# Heresy Online Referral Payments



## Jezlad (Oct 14, 2006)

*Heresy-Online Referral Payments*​
I got thinking today about a way to give back to the community we have here and decided the implementation of a referral payment system would be beneficial. It helps us to expand, and allow us to give back to the guys that go the extra mile for the site. After all, without you guys we're nothing.

*How does it work?*

For every member you refer to the site that goes on to purchase an annual supporter account will earn you £5. If they buy a two year supporter account we'll pay you £7.50.
You can refer as many people as you want! Every time you send a new supporter our way you'll get paid. There's no limit to how much you can earn!

*How are payments made?*

These payments are made via Paypal only. We cannot pay any other way so please do not ask.

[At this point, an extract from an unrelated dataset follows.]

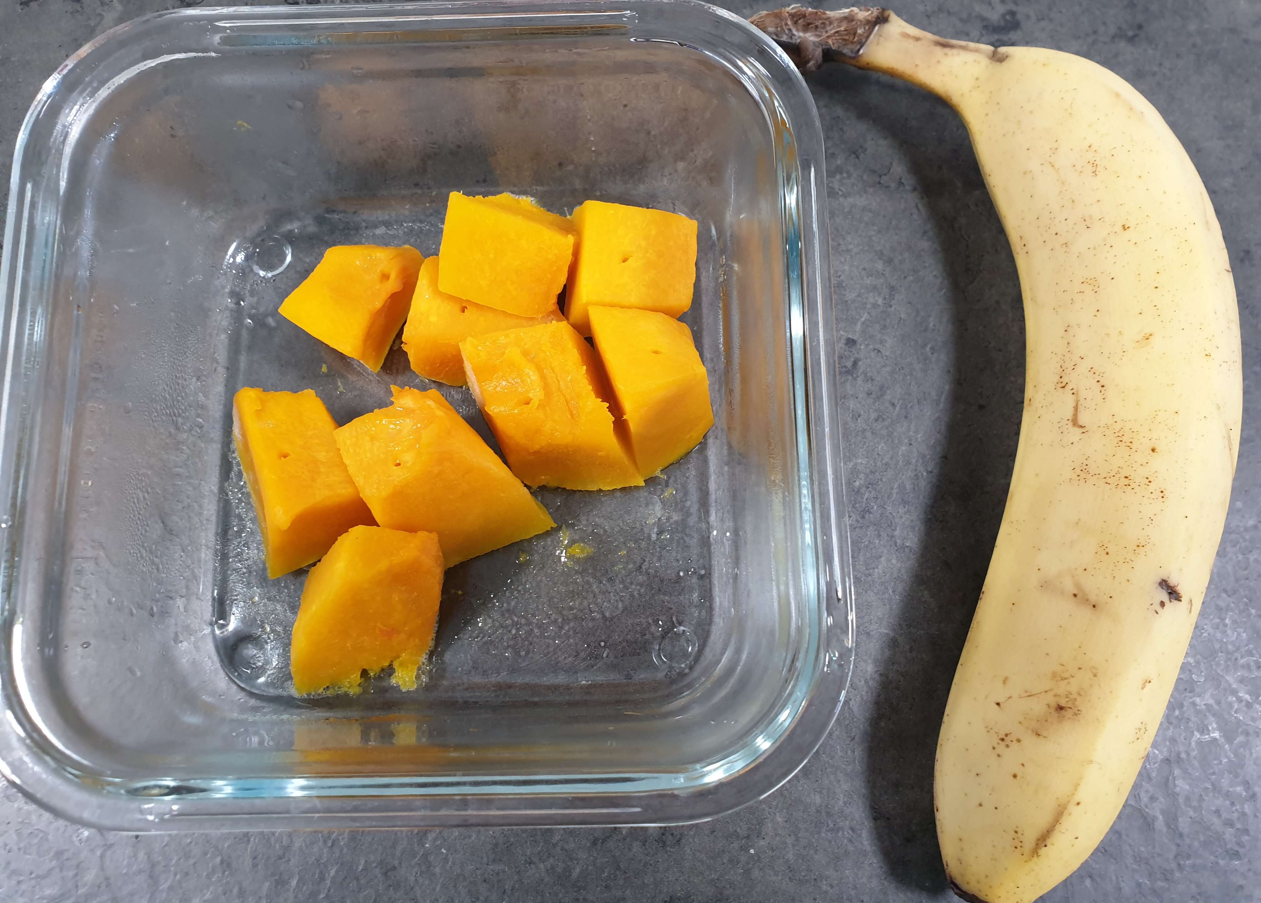 바나나와 잘 쪄진 단호박과

It's a win-win situation. We gain supporters to help meet the spiralling server fees. You get an extra blister to reinforce your army!

*How do I refer people to Heresy?*

You can refer people to Heresy-Online in numerous ways, some of which include:


Post your referral link on your blog or website.
Place a Heresy-Online banner on your website.
Post a link to the forum in your signature on other forums.

Of all the methods, sig links on other GW related hobby sites are the greatest asset.

Alternatively, you could promote offline, inform people of our site at your FLGS, Games Workshop or Wargaming Club.

*Where is my referral link?*

To find your referrer link please visit here and copy the link at the top. This is the code you'll want to spread around the internet to promote us. People who follow this link and sign up are "referred" by you.

*I got a referral supporter - now what?*

Simple, just send me a PM and I'll send you the payment immediately.

*Can I be paid for old Referrals?*

No. This is a new feature to the site so the slate is clear. All payments will be checked against the date of this thread, anyone that joined Heresy beforehand will be void. Likewise, anyone that referred a supporter in the past cannot be paid.



Any questions should be posted here or presented to me via PM.


----------



## Red Corsairs (Jun 8, 2008)

Great feature Jez!

It sure is a fine way of rewarding anyone who puts in the effort of making Heresy-Online known and hopefully as you say it will bring in more members. Heresy-Online continues its expansion, Cool stuff


----------



## Lord Reevan (May 1, 2008)

cool idea. unfortuneately I'm heresy exclusive and all my gaming friends aren't in to forums but neat idea! very sound way to expand


----------